L’aménagement de la station reste rudimentaire par rapport aux stations d’altitude. Dans le cas de Sam Son, solution d’attente envisagée par Gaston Doumergue avant l’édification de stations d’altitude, il est précisé qu’il convient de n’engager que des dépenses exactement nécessaires. Ainsi on aménage sur la plus haute colline de Sam Son, une formation hospitalière comprenant deux pavillons de malades : l’un pour les sous-officiers, l’autre pour les malades ordinaires, totalisant seulement 27 lits. Le 11 juillet 1916, un arrêté classe Kep comme une station sanitaire maritime. Il s’en suit une délivrance de crédit, (arrêté du 8 septembre 1916191) qui autorise l’exécution en régie de travaux pour un montant de

36 500 piastres.
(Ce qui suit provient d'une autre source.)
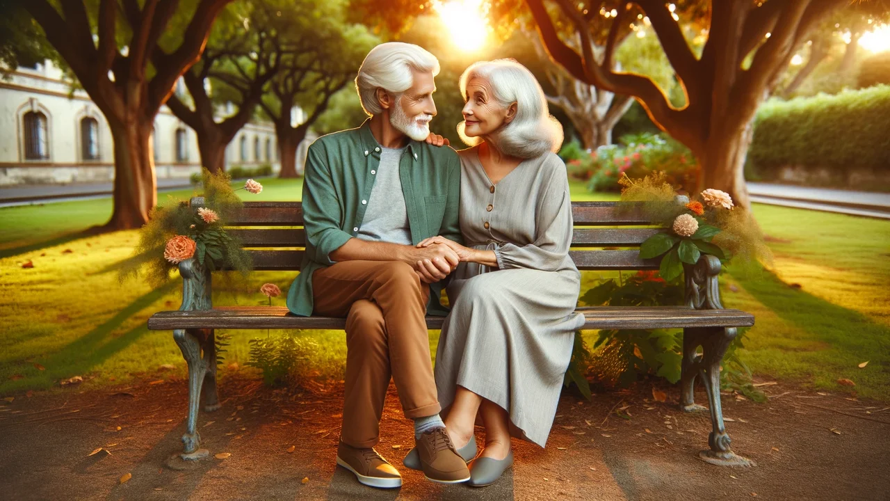 As I strolled around the park, taking in the pleasant rays of the sun and the delicious aroma of newly budding flowers, I caught sight of an old couple relaxing on a bench. They were holding hands and exchanging intense looks. It was obvious that they had been together for a very long time since their love was so evident.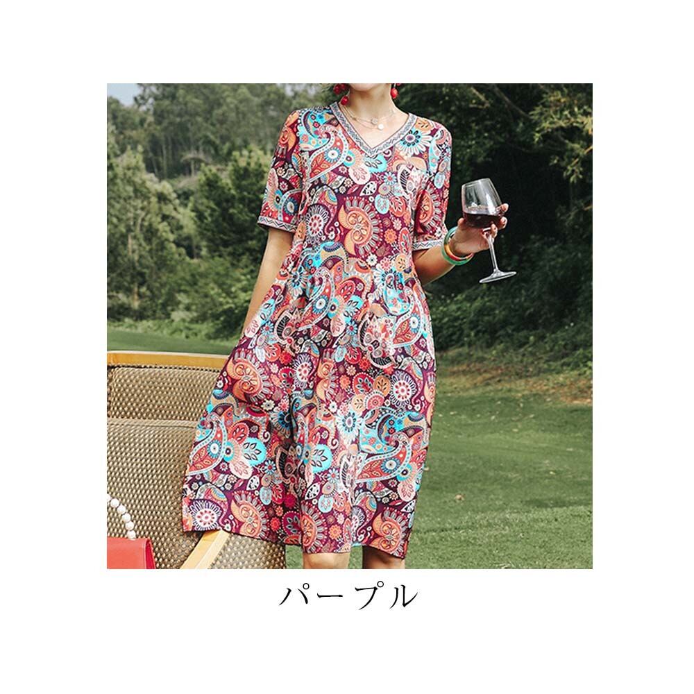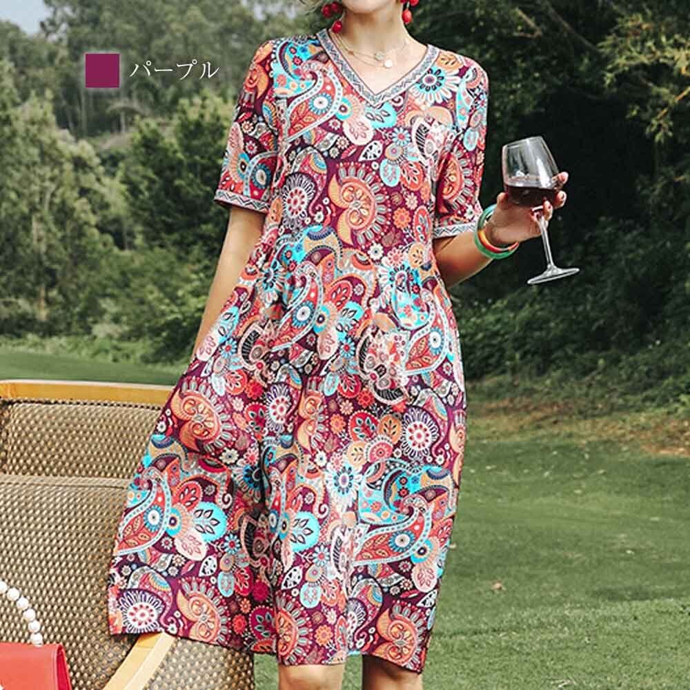 【即納&送料無料】 エスニック柄Ⅴネックワンピース ワンピース半袖 レディース tpsw-plus87

Les travaux à entreprendre sont de toutes sortes : construction des bâtiments et des équipements publics, aménagement du massif forestier en vue de son assainissement, création de quinze kilomètres de chemins destinés à constituer des voies d’exploitation et de promenades, installation d’une alimentation en eau potable par la captation de sources et d’évacuation des eaux usées192.

Pour finir nous analyserons les raisons expliquant le désengagement des autorités dans la création des stations balnéaires, ont-elles été victimes de la facilité de leur construction ou du faible abaissement de leurs températures ? Nous verrons que leur édification est plus simple et que la faiblesse du gain climatique leur a permis de s’émanciper rapidement des préceptes médicaux.

La construction de stations balnéaires est plus simple, moins coûteuse, mobilisant moins de moyens techniques, ce qui leur permet de se développer, tout le long de la côte, de façon rapide voire spontanée. Toute agglomération côtière est une potentielle station pour peu qu’elle soit accessible et proche d’un foyer de peuplement colonial, c’est le cas de Nha Trang et Phan Thiet desservies par le chemin de fer de Saigon, de Cua Lo à 17 kilomètres de Vinh desservie par le chemin de fer de Hanoi, de Cua Tung à 40 kilomètres de Quang Tri. Elles se développent rapidement, grâce à l'installation d'hôtels confortables et la construction de villas privées.

191 ANC, RSC 1833, 1916.9.8, arrêté

86 La multiplication des stations balnéaires sur la côte annamitique est favorisée par leur rapide émancipation des préceptes médicaux, les gains thérapeutiques étant trop faibles, libérant leurs localisations et leurs pratiques. Leur implantation n’est plus régie par des conditions géo-climatiques. Les pratiques de jeu et de repos peuvent se développer dans des structures privées comme les hôtels sans les contraintes dues au fonctionnement d’un établissement médical. Précisons que certaines stations, comme Do Son ou Kep, n’ont pas eu besoin d’être démédicalisées, puisque leurs valeurs thérapeutiques n’ont jamais été reconnues, malgré les tentatives des autorités locales d’y établir un sanatorium. Cette retenue des autorités à classer ces établissements en sanatorium s’explique de plusieurs façons. Le classement des stations en sanatorium alourdit les budgets en raison du remboursement des séjours médicaux dans ces établissements et des subventions de fonctionnement qui leur sont versées. Il existe aussi des raisons médicales, les bienfaits thérapeutiques et de la balnéothérapie ne sont pas à la hauteur des attentes. Ainsi le sanatorium de Sam Son est-il fermé en 1907 après seulement deux années de service, pour cause de mauvais résultats. Les autorités mettent en avant que l’état des patients, présentant des paludismes et des affections intestinales, s’aggrave au contact de l'air vif de la plage. Sam Son devient donc une simple station balnéaire de second rang.

Les stations d’altitude et balnéaires connaissent des processus de sélection différents en raison des spécificités géo-climatiques entre le milieu montagnard et littoral. Pour autant il existe des critères de sélection communs : l’accessibilité, la superficie, la salubrité, la présence d’eau potable. Les gains de température, dus à l’altitude, font du milieu montagnard un environnement privilégié pour la construction de stations. Les autorités leur accordent une plus grande attention d’autant que le coût de leur installation est très élevé et laissent de côté les stations balnéaires jugées secondaires.